### Text Feature Extraction

 - scikit-learn provides utilities for the most common ways to extract numerical features from text content:

  - tokenizing strings and giving an integer id for each possible token
  - counting the occurrences of tokens in each document
  - normalizing and weighting with diminishing importance tokens that occur in the majority of samples / documents.

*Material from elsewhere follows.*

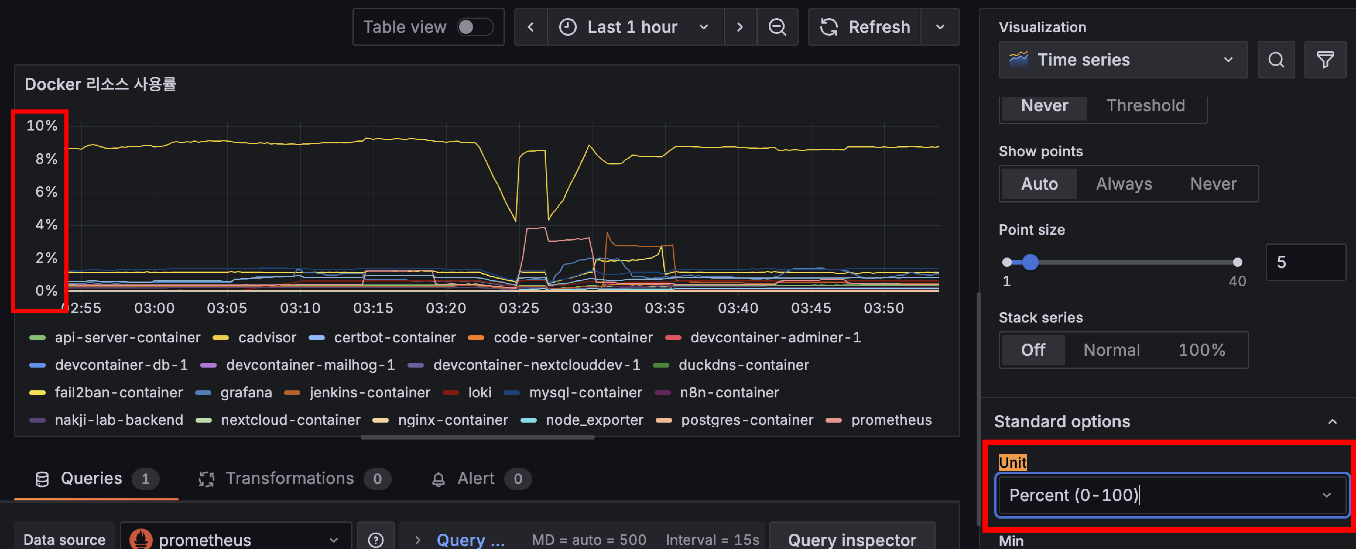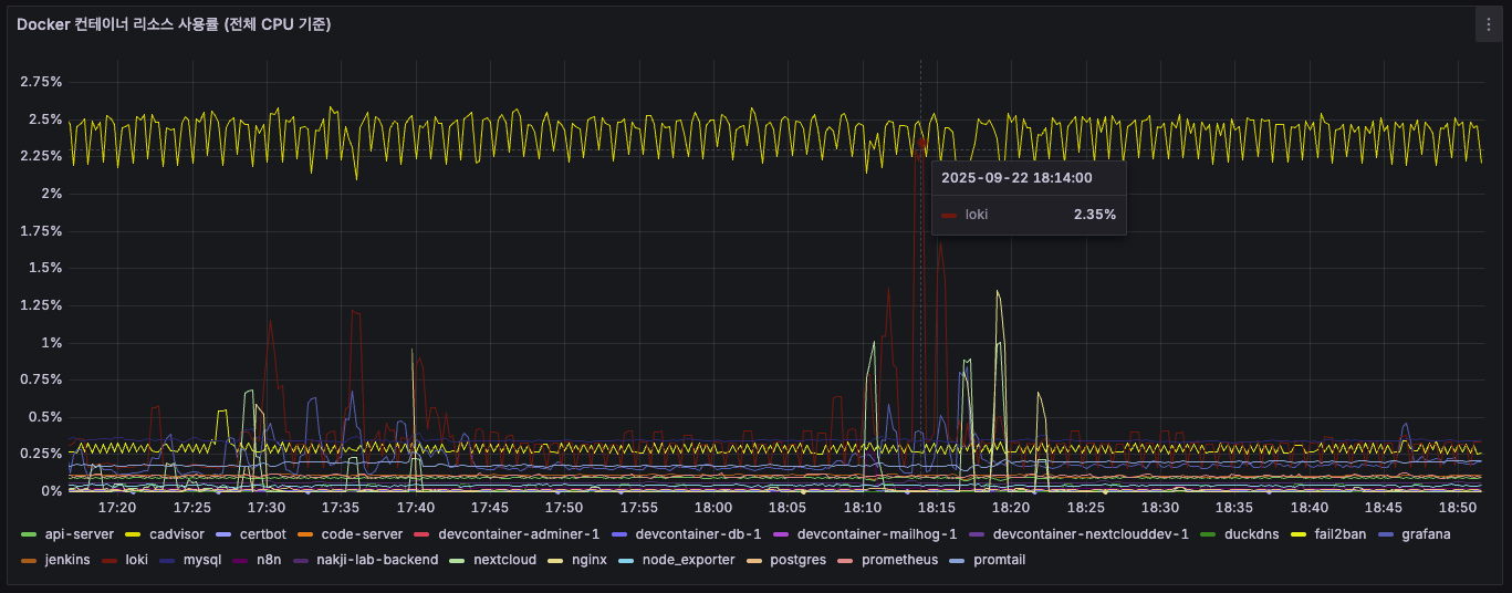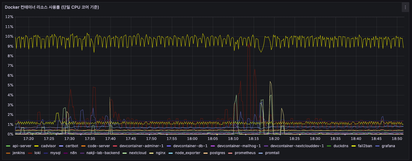 - 이거는 각 컨테이너가 CPU 코어별로 얼마나 리소스를 잡아먹는지 확인해서 아래 두가지를 확인하고자 했음
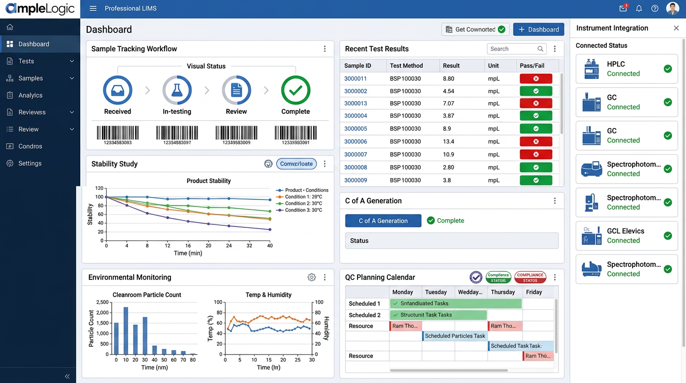 AmpleLogic is an enterprise LIMS platform and cloud-based laboratory information management system that delivers laboratory workflow automation, instrument integration, and regulatory compliance — transforming your laboratory data management system into a source of actionable scientific data analytics. This pharmaceutical LIMS software is purpose-built for pharma, biotech, and regulated life sciences with embedded AI, ISO 17025 compliance, Low Code No Code deployment, and the industry's only integrated digital GxP ecosystem.

- Features and samples are defined as follows:

  - each individual token occurrence frequency (normalized or not) is treated as a feature.
  - the vector of all the token frequencies for a given document is considered a multivariate sample.


- A corpus of documents can thus be represented by a matrix with one row per document and one column per token (e.g. word) occurring in the corpus.

- Vectorization is the general process of turning a collection of text documents into numerical feature vectors. 

- This  strategy (tokenization, counting and normalization) is called the Bag of Words or “Bag of n-grams” representation. 

- Documents are described by word occurrences while completely ignoring the relative position information of the words in the document.

In [20]:
from sklearn.feature_extraction.text import CountVectorizer

from sklearn.feature_extraction.text import TfidfVectorizer  # Term Frequency/Inverse Document Frequency

 - CountVectorizer implements both tokenization and occurrence counting 

In [2]:
corpus = [
     'This is the first document.',
     'This document is the second document.',
     'And this is the third one.',
     'Is this the first document?',
]

In [3]:
vectorizer1 = CountVectorizer()

In [4]:
X = vectorizer1.fit_transform(corpus)

In [5]:
X

<4x9 sparse matrix of type '<class 'numpy.int64'>'
	with 21 stored elements in Compressed Sparse Row format>

In [6]:
vectorizer1.get_feature_names()

['and', 'document', 'first', 'is', 'one', 'second', 'the', 'third', 'this']

In [7]:
print(X.toarray())  # count of feature_names

[[0 1 1 1 0 0 1 0 1]
 [0 2 0 1 0 1 1 0 1]
 [1 0 0 1 1 0 1 1 1]
 [0 1 1 1 0 0 1 0 1]]


In [8]:
vectorizer1.vocabulary_.get('document')  # get index of 'document'

1

In [9]:
vectorizer1.transform(['Hello how is everyone?']).toarray()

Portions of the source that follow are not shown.